In silver, the comparable multiple implied by Friday’s trading is well over 10,000×, and potentially closer to 20,000× depending on recycling assumptions.
When the silver price broke key technical levels, existing position limits prevented large institutional “whales” from buying the dip to stabilize the market, as many were already at their maximum regulatory capacity, and many also maxed out on the +65% price jump. Over-leveraged traders were forced to dump billions in paper silver to meet collateral calls. This created a mechanical failure where massive sell orders hit a market with no large-scale buyers permitted to enter.
This Western collapse stood in sharp contrast to the Shanghai Futures Exchange (SHFE), highlighting a growing “Great Divorce” in global silver markets, whereby the price of spot silver in Shanghai fell by just under -3% on Friday. Neatly about 1/10th of Chicago’s action."
considering it's parabolic, i wouldn't call it a trend
parabolic spike's collapse. silver will go back to general trading from pre-strike days. maybe it will hit 20's again after all
when our side was crashing on friday, shanghai was closed. the 2 sell-off's magnitudes cant be compared sensibly
london is open until maybe 11:30 am our time. london isn't saving us either
Tastes great or less filling?

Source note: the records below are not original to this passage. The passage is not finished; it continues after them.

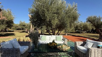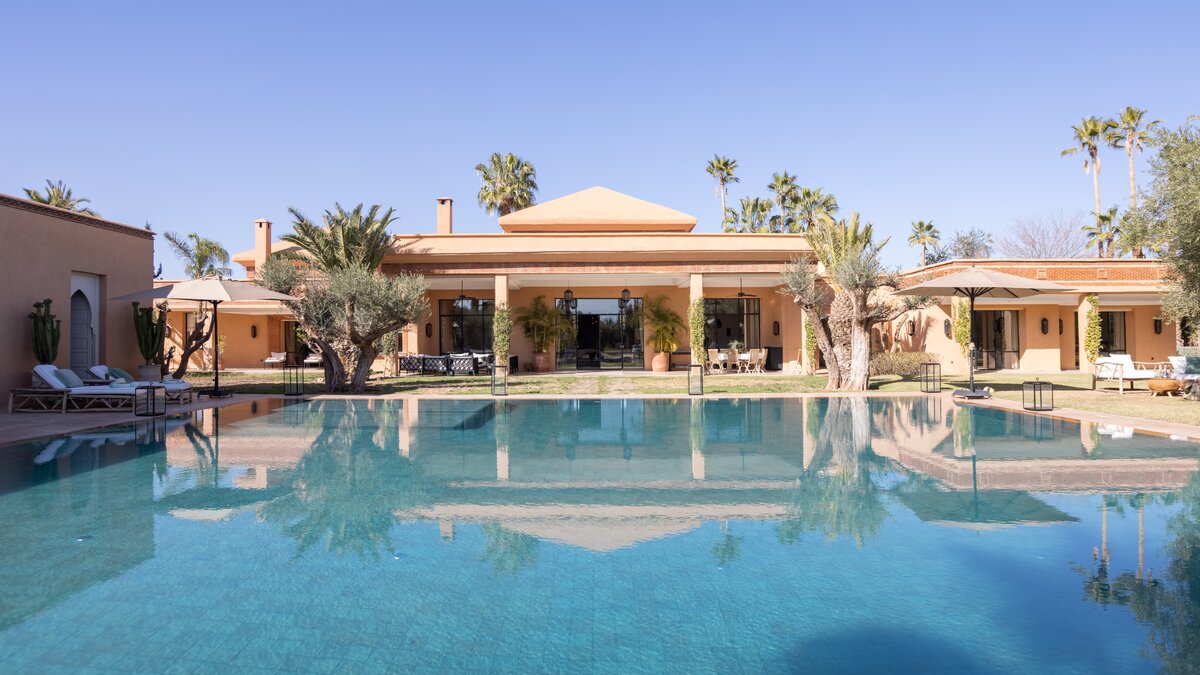 Das in der exklusiven Palmeraie gelegene Dar Palmera ist ein ruhiges Privatanwesen, in dem moderner Komfort auf authentisches marokkanisches Handwerk trifft. Dieser elegante Refugium wurde für anspruchsvolle Reisende entworfen und bietet Platz für bis zu zehn Personen in fünf schönen Zimmern mit eigenem Bad, jedes mit eigener Terrasse und zeitlosem Interieur, das mit handgewebten Stoffen, Souksfunden und kuratierter Kunst überlagert ist.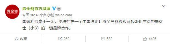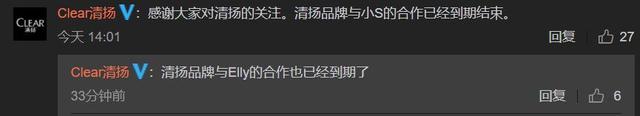 随后清扬品牌方以一个站出来宣布与小S和其女儿Elly解除品牌合作,之后“大人糖”“寿全斋”和“JORYA”等品牌也紧随其后,表示国家利益高于一切。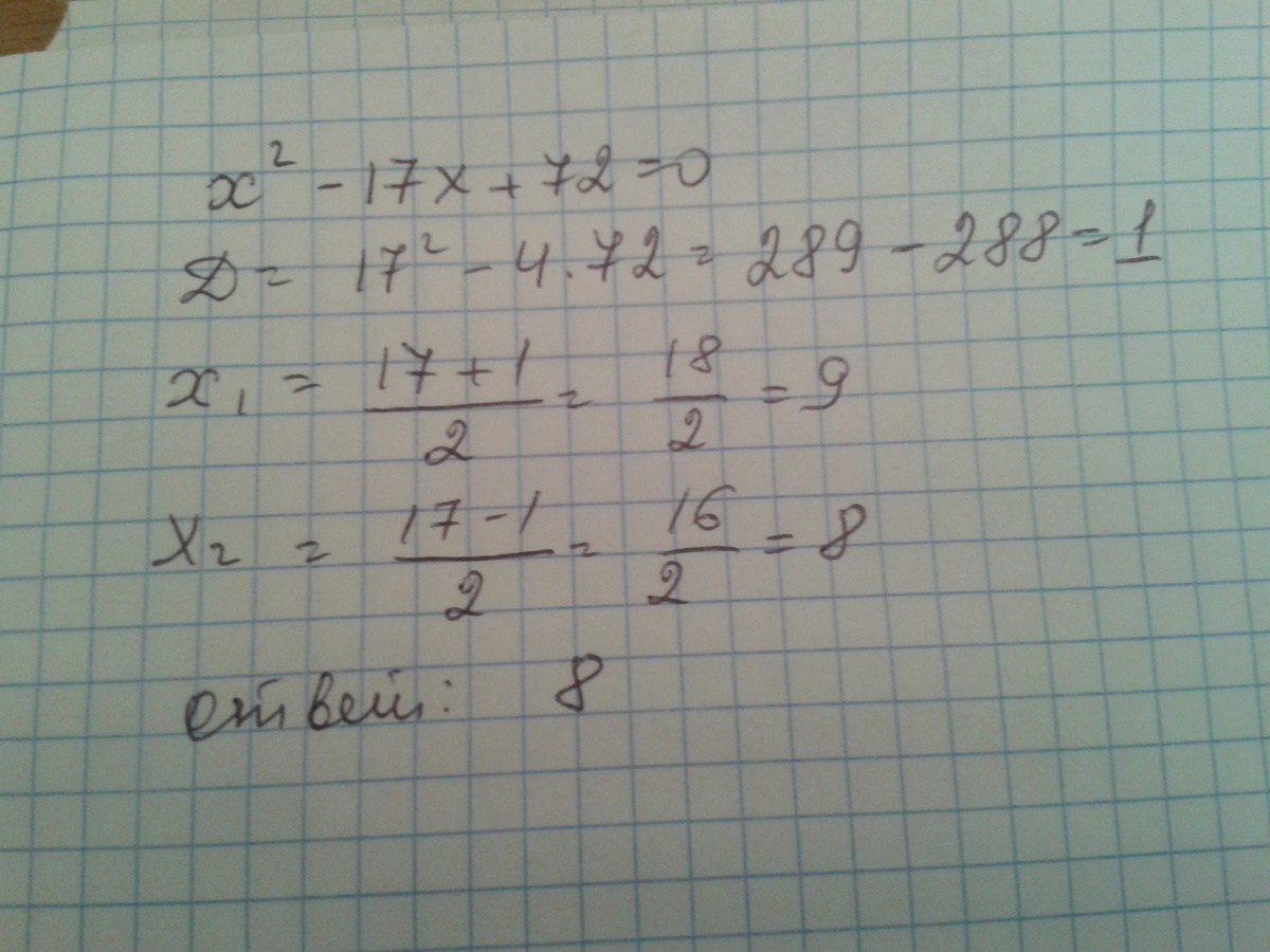 .Найдите корень уравнения:X^2- 17x+72= 0 Если уравнение имеет более одного корня, укажите меньший из них ответ нужен с решением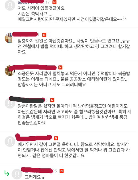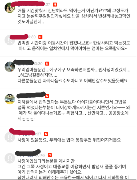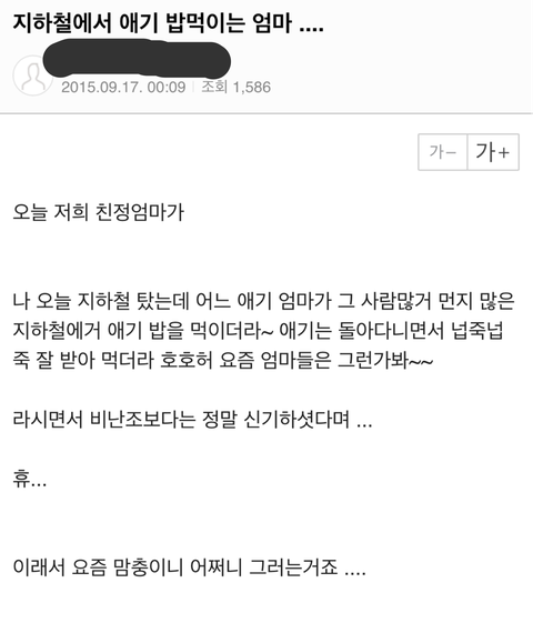 모 육아카페에 지하철에서 아이 밥먹이는 애엄마란 글이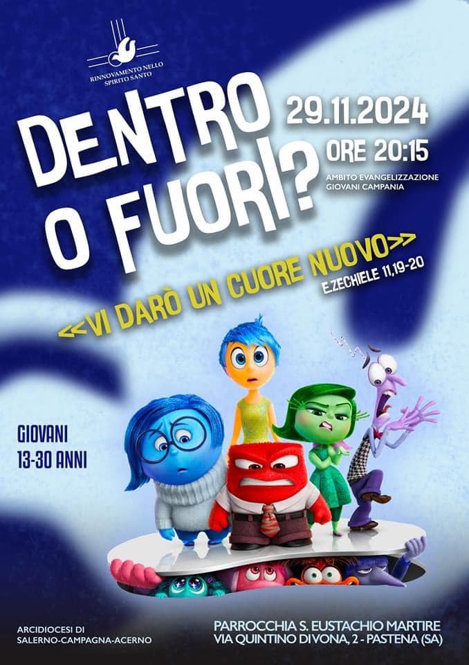 Venerdì 29 novembre, alle ore 20.15, presso la Parrocchia di San Eustachio Martire, in via Quintino Divona 2 a Pastena, Salerno, si terrà un evento rivolto ai giovani dai 13 ai 30 anni organizzato dall’Ambito Evangelizzazione Giovani Campania del Rinnovamento ...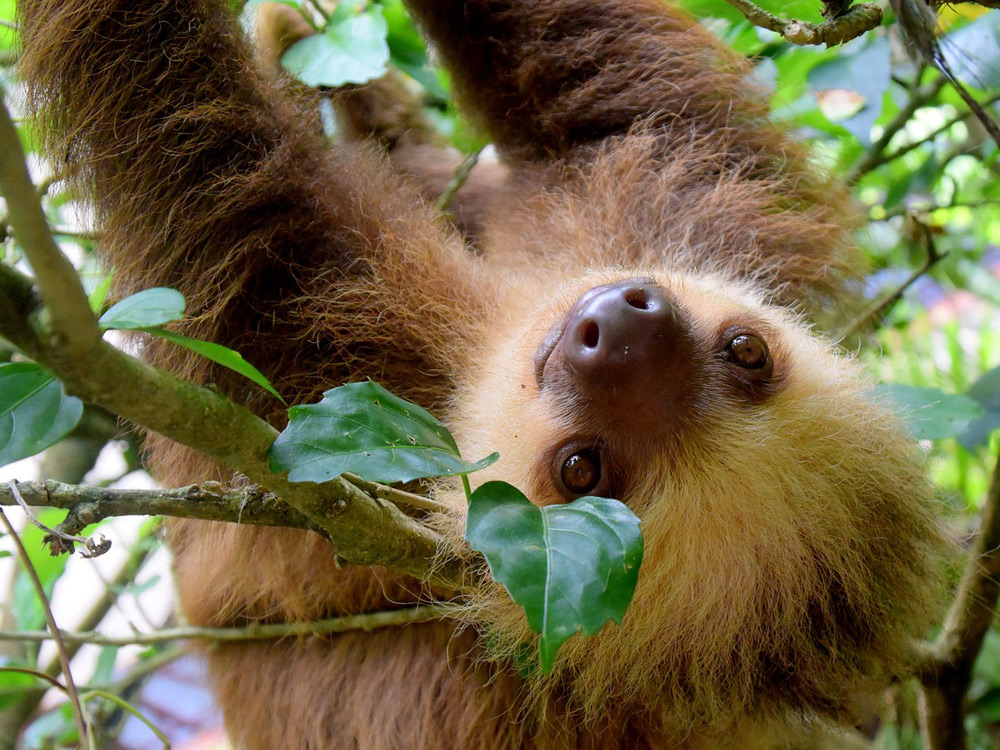 Este simpático animal, con cara de cansancio perpetua, duerme colgado de las ramas de los árboles un total de 20 horas al día.

Hopefully this debate ends in a few months so that we can ALL get back to our daily routines…lol.
All comments reflect the opinion of the author, even when irrefutably accurate.
Nah, the gutters dead for probably another generation. However, I am very excited and anxiously awaiting the real PM market. Where to park all these extra dollars? God bless The Metal of Kings. THKS!
The whole worlds off its rocker, buy Gold™.
BOOMIN!™
Wooooha! Did someone just say it's officially "TACO™" Tuesday????
Retiring at 55, what day is today?
There is no industrial shortage in oil, milk, and like wheat and dried whey it is difficult to store. We can ramp up production of oil and higher prices would result in much more production. We can produce more milk rapidly.
These things don't apply to silver.
Even gold production can be ramped up and a downturn would curtail gold demand. A downturn would curtail silver production but not consumption. This is unlike any other shortage that has ever existed. We must have silver and we must mine more copper to get it.
Manufacturers can not sit on the sidelines waiting for new capacity as the total amount of silver in the world continues to dwindle. Even if mine production and economizing combine to increase supply the simple fact is there is still only a few month supply of good delivery bars. They will continue buying and counting silver in storage will not make it more plentiful.
This situation is unique. It has been developing for many years and it is not that complex. We need silver and we simply don't have it except in coin collections and the like. Price movements in any direction are simply irrelevant to the bottom line.
If I knew something that the rest of the world didn’t. I would keep quiet while making billions. Sorry.
Government is already responding by building a smelter which will help a lot but maybe they should Put a floor on the silver price to encourage new mining. Right now the only thing a smelter wants less than silver scrap is low grade ore. We need new mining and this is difficult in a world of low capacity and erratic pricing.
We'll get through this just fine but it will require that we cooperate to stay ahead of the shortages.